§ **INSTRUCTIONS TO FOLLOW**:
A word-for-word copy of the data, pictures excluded, is what this task asks for.

--- DATASET CONTENT ---

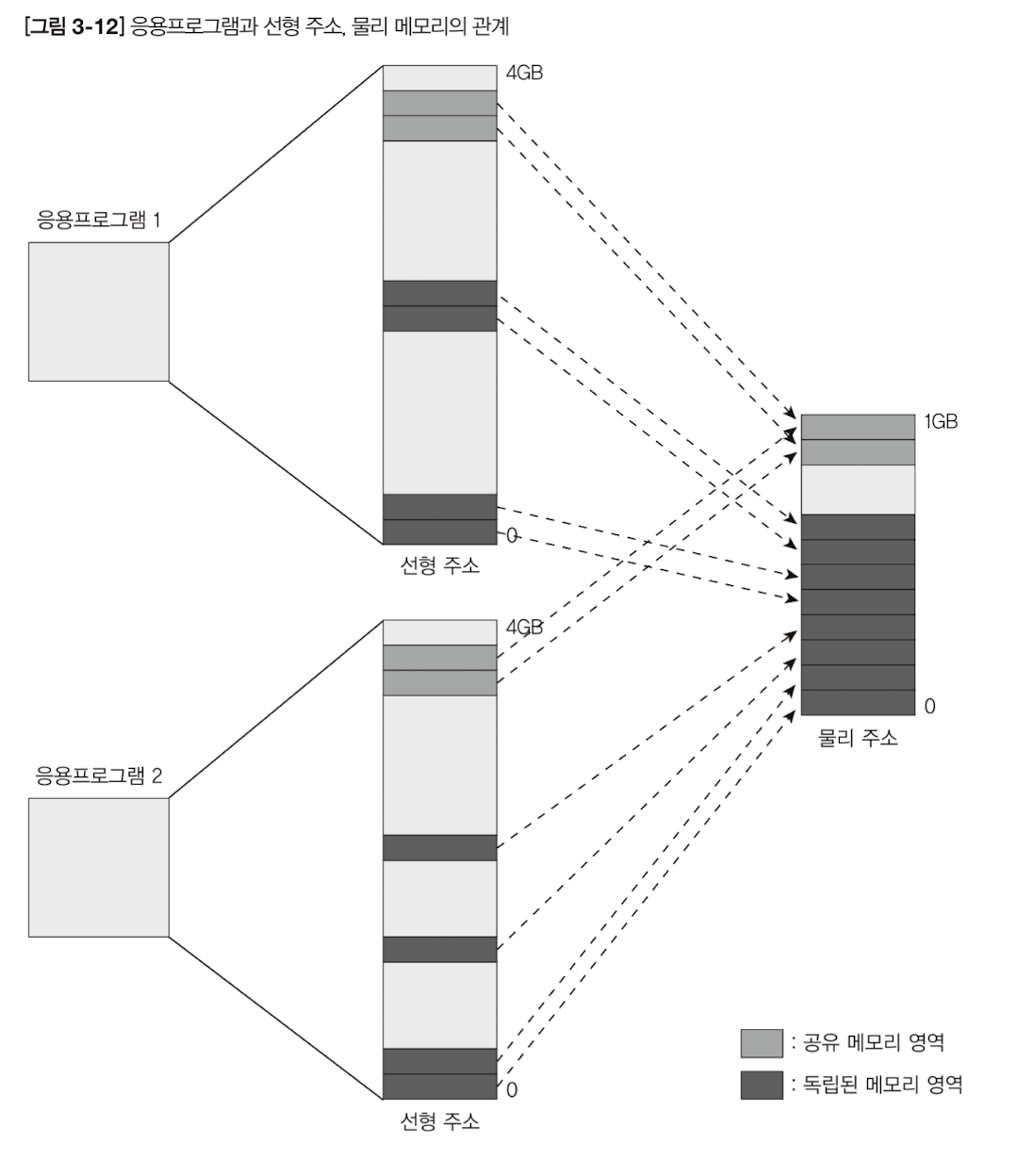 - 물리 메모리 크기보다 더 큰 영역의 선형 주소도 물리 페이지만 연결하면 사용 가능
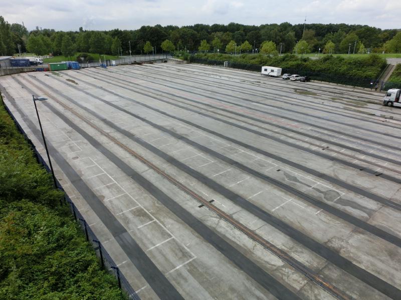 ツアーはまず外に出る。少し歩き、だだっ広い駐車場のようなところを見下ろすところに来た。ツアーのガイドはほぼドイツ語で、残念ながらほとんど理解不能。たまに英語を挟んでくれるが、それも最初だけだった・・まああとは雰囲気でね。この場所はスタジアム内の芝を出せるところで、札幌ドームと同じですね。今はなにもないが、コンサートやらほかのスポーツイベント際にはスタジアム内の芝生がここにやってくるのだ。時間はかかるだろうが、動いている様子も見てみたいものです。
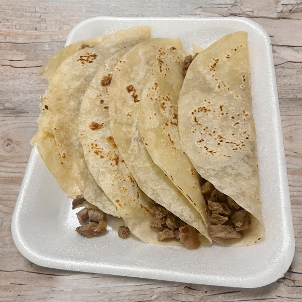 Taco de Carne Asada tortilla puede ser de Maíz o de Harina, con 5 complementos a elección, para que escojas el que más te guste.
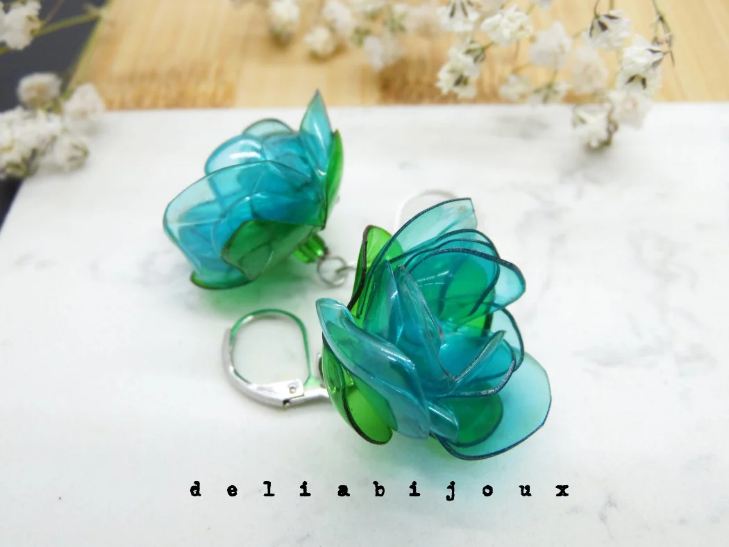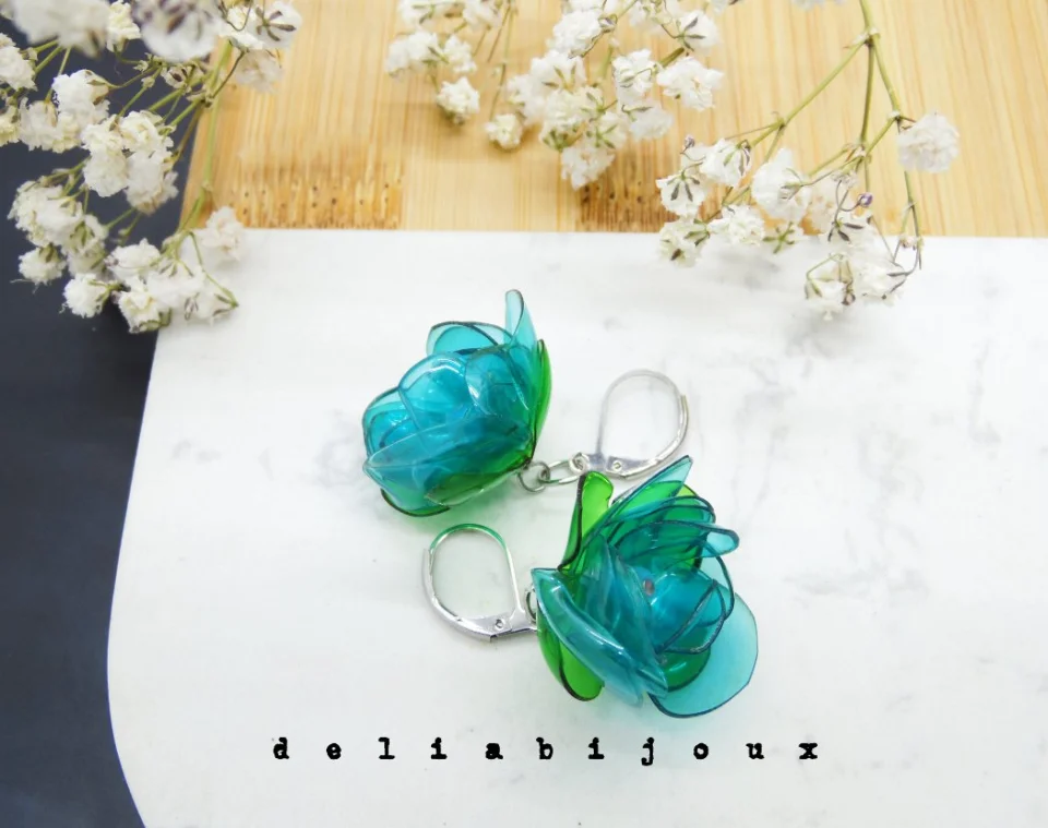 Ace?ti cercei unici sunt crea?i din sticle de plastic reciclate, modelate cu grij? ?n forme delicate de flori. Fiecare petal?, realizat? ?n nuan?e translucide de bleu ?i verde, capteaz? lumina cu un efect subtil de str?lucire, ad?ug?nd un aer proasp?t ?i vibrant accesoriilor. Cerceii sunt u?ori ?i confortabili, ideali pentru a ad?uga o not? sustenabil? ?i creativ? oric?rei ?inute.
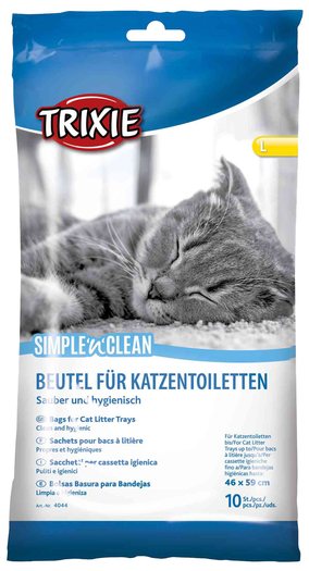 Vrecká na mačacie toalety. Uľahčujú čistenie toaliet. Fungujú ako vrecká do odpadkových košov. Vrecko sa dáva na dno toalety a nasype sa naňho mačkolit, ktorý sa potom odstráni s vreckom. Vyhnete sa zašpineniu toalety. Balenie obsahuje 10 ks.
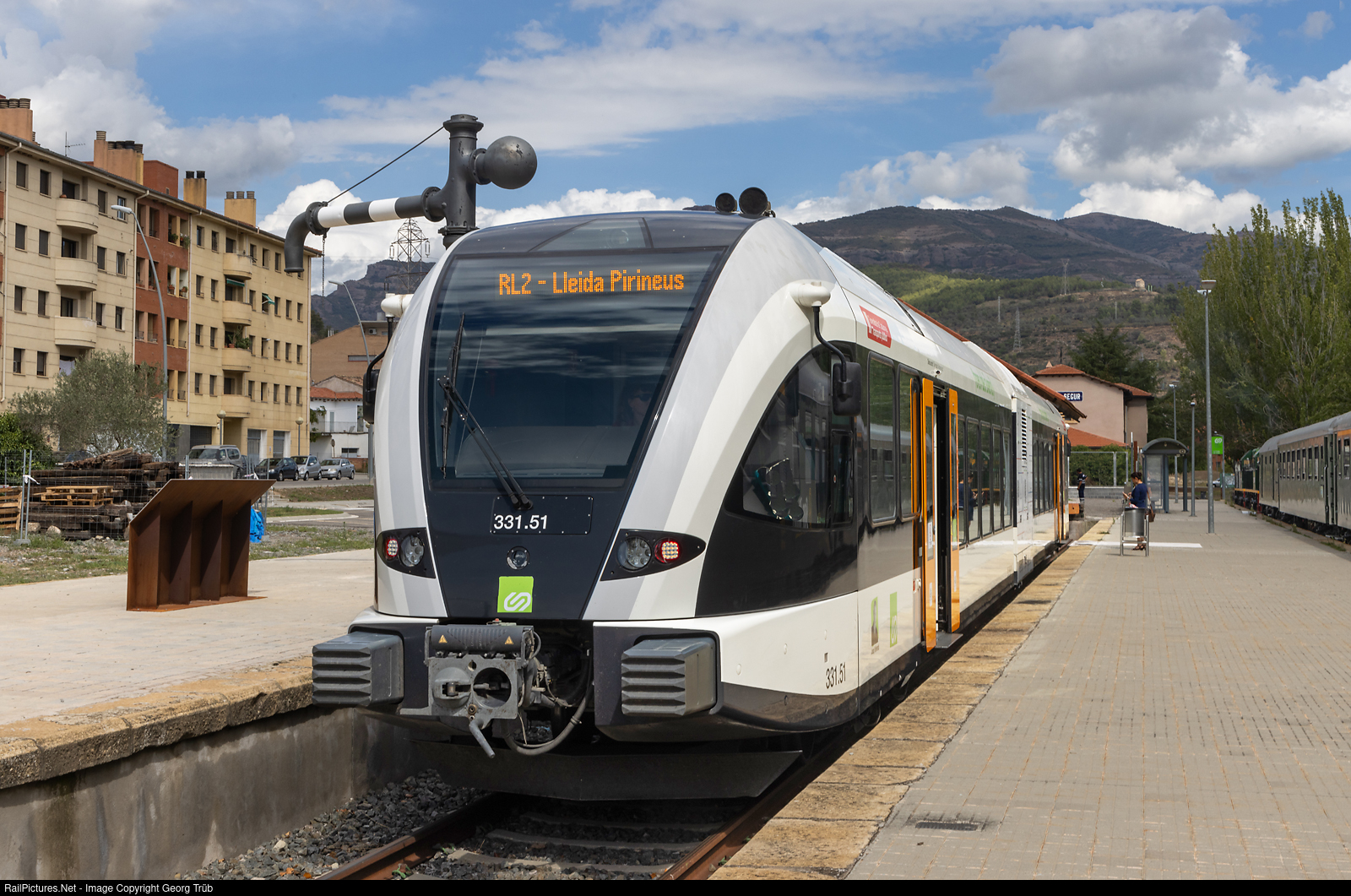 | Broad gauge articulated lowfloor diesel regional train, called "Panorama train" 331 # 51 of the FGC (Ferrocarrils Gerneralitat Catalunya) ready for departure in La Pobla de Segur for Lleida Pirineus. Built by StadlerRail in 2015 with two Deutz diesel prime movers of 960 kW total and a maximum velocity of 120 km/h. Two of this train were built in 2015, a third in 2021. The operation on the former Renfe line Lleida-La Pobla de Segur was taken over by the FGC. |

---

§ **SOLVED EXERCISE**:
 - 물리 메모리 크기보다 더 큰 영역의 선형 주소도 물리 페이지만 연결하면 사용 가능
 ツアーはまず外に出る。少し歩き、だだっ広い駐車場のようなところを見下ろすところに来た。ツアーのガイドはほぼドイツ語で、残念ながらほとんど理解不能。たまに英語を挟んでくれるが、それも最初だけだった・・まああとは雰囲気でね。この場所はスタジアム内の芝を出せるところで、札幌ドームと同じですね。今はなにもないが、コンサートやらほかのスポーツイベント際にはスタジアム内の芝生がここにやってくるのだ。時間はかかるだろうが、動いている様子も見てみたいものです。
 Taco de Carne Asada tortilla puede ser de Maíz o de Harina, con 5 complementos a elección, para que escojas el que más te guste.
 Ace?ti cercei unici sunt crea?i din sticle de plastic reciclate, modelate cu grij? ?n forme delicate de flori. Fiecare petal?, realizat? ?n nuan?e translucide de bleu ?i verde, capteaz? lumina cu un efect subtil de str?lucire, ad?ug?nd un aer proasp?t ?i vibrant accesoriilor. Cerceii sunt u?ori ?i confortabili, ideali pentru a ad?uga o not? sustenabil? ?i creativ? oric?rei ?inute.
 Vrecká na mačacie toalety. Uľahčujú čistenie toaliet. Fungujú ako vrecká do odpadkových košov. Vrecko sa dáva na dno toalety a nasype sa naňho mačkolit, ktorý sa potom odstráni s vreckom. Vyhnete sa zašpineniu toalety. Balenie obsahuje 10 ks.
 | Broad gauge articulated lowfloor diesel regional train, called "Panorama train" 331 # 51 of the FGC (Ferrocarrils Gerneralitat Catalunya) ready for departure in La Pobla de Segur for Lleida Pirineus. Built by StadlerRail in 2015 with two Deutz diesel prime movers of 960 kW total and a maximum velocity of 120 km/h. Two of this train were built in 2015, a third in 2021. The operation on the former Renfe line Lleida-La Pobla de Segur was taken over by the FGC. |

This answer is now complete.